0 1 2 3 4 5 6 7 9 2 1 3 6 5 4 7 So the first step in the selection sort is to get the lowest value into the lowest index (index 0 in this case). We will loop through all of the values, keeping track of which index contains the lowest value. Since we are trying to fill index 0, we will assume that the lowest value is already there unless we find one that is lower - we initialize our best index to be index 0.
As we scan through, we find that the lowest value is the 1 which is at index 2, so we swap the value at index 0 with the value at index 2.
0 1 2 3 4 5 6 7 1 2 9 3 6 5 4 7 Now the lowest value is at index 0, so the next step is to get the next-lowest value into index 1. When we scan through the numbers, we find that the next-lowest value, the 2, is already at index 1, so we do not need to swap.
If we continue through the array one index at a time, we will eventually move every value into the appropriate index, resulting in a sorted array.
Selection Sort Code
public void selectionSort(int[] numbers)
{
/*For every index in the array, with the exception of the last one,*/
for(int searcherIndex=0; searcherIndex < numbers.length-1; searcherIndex++)
{
/*Assume that the number is where it's supposed to be*/
int correctIndex = searcherIndex;
/*Try out other candidate indexes*/
for (int candidateIndex=searcherIndex+1; candidateIndex < numbers.length; candidateIndex++)
{
/*If you find a smaller number, make it's index the correct index*/
if(numbers[candidateIndex] < numbers[correctIndex])
correctIndex = candidateIndex;
}
/*At this point correctIndex really will be the correct index*/
swapNumbers (searcherIndex, correctIndex);
}
}
Running Time of Selection Sort
Selection sort slightly better than the bubble sort, because we swap at most once for every index, instead of potentially once for each item.

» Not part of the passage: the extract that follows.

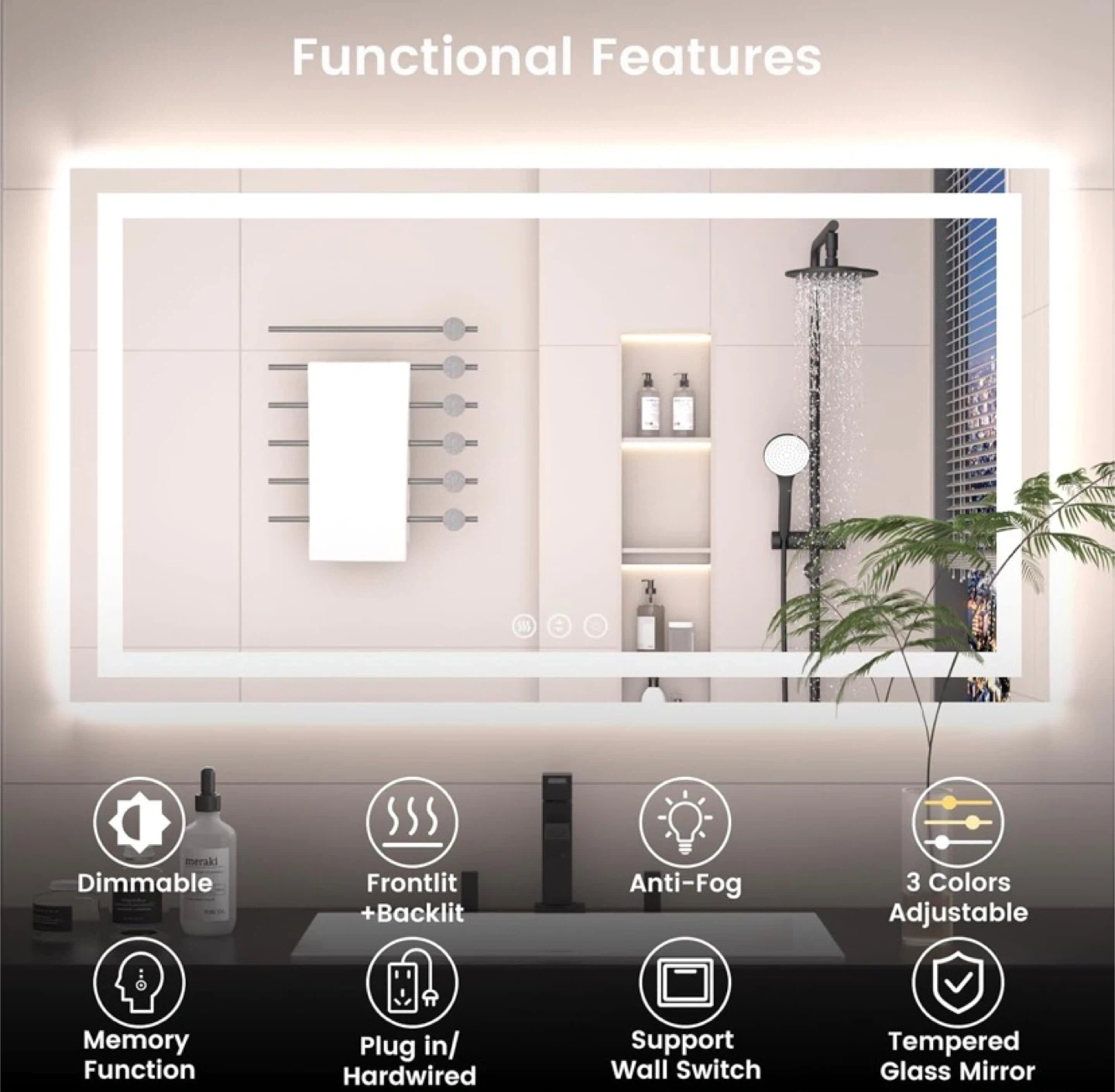 30"x30"Rectangle LED Bathroom Mirror with Lights, 3 Color, Anti-Fog, Frameless Wall-Mounted Mirror with Backlit + Front Lit, Stepless Dimmable

We find the correct index for that particular number. Then we swap it into its correct place in the array.
Insertion Sort
Insertion sort works, as before, by viewing the list as two sub-lists, one of unsorted items, initially full, and one of unsorted items, initially empty. As before, each iteration, the next item from the unsorted list enters the sorted list.Bascially, we remove the next item from the unsorted list, and that gives us an extra slot in the sorted list. We then move each item, one at a time, into that slot, until we make a "hole" in the right place to insert the new item. When we do, we place it there.
Much like Bubble sort and Selection sort, Insertion sort is still requires a multiple of N2 operations. We move one item to the sorted list each time, so we need to make n passes. And then, each pass, we need to compare it to n/2 items (amortized over all runs).
It is however, quite a bit more expensive in real time. Displacing an item in an array is quite expensive -- everything after it needs to be copied.
But, what is special about insertion sort is that it can be started before all of the data arrives. New data can still be sorted, even if it is lower (or higher) than those already fixed in place.
Also, the cost of displacing an item isn't present, if a Linked List is being sorted.
Here's an example:
4 7 9 2 5 8 1 3 6 4 7 9 2 5 8 1 3 6 4 7 9 2 5 8 1 3 6 4 7 9 2 5 8 1 3 6 4 7 9 2 5 8 1 3 6 2 4 7 9 5 8 1 3 6 2 4 7 9 5 8 1 3 6 2 4 5 7 9 8 1 3 6 2 4 5 7 9 8 1 3 6 2 4 5 7 8 9 1 3 6 2 4 5 7 8 9 1 3 6 1 2 4 5 7 8 9 3 6 1 2 4 5 7 8 9 3 6 1 2 3 4 5 7 8 9 6 1 2 3 4 5 7 8 9 6 1 2 3 4 5 6 7 8 9 1 2 3 4 5 6 7 8 9
Insertion Sort Code
public void insertionSort(int[] numbers)
{
/*going through all of the items in the array*/
for (int insertMe=1; insertMe < numbers.length; insertMe++)
{
/*find the correct index for the item*/
for (int newPosn=0; newPosn < insertMe; newPosn++)
{
/*stop when you come to an item greater than the item in question*/
if (numbers[insertMe] < numbers[newPosn])
{
/*put the item in question somewhere for safe keeping*/
int temp = numbers[insertMe];
/*move everything after the correct index down to make room*/
for (int shift=insertMe; shift > newPosn; )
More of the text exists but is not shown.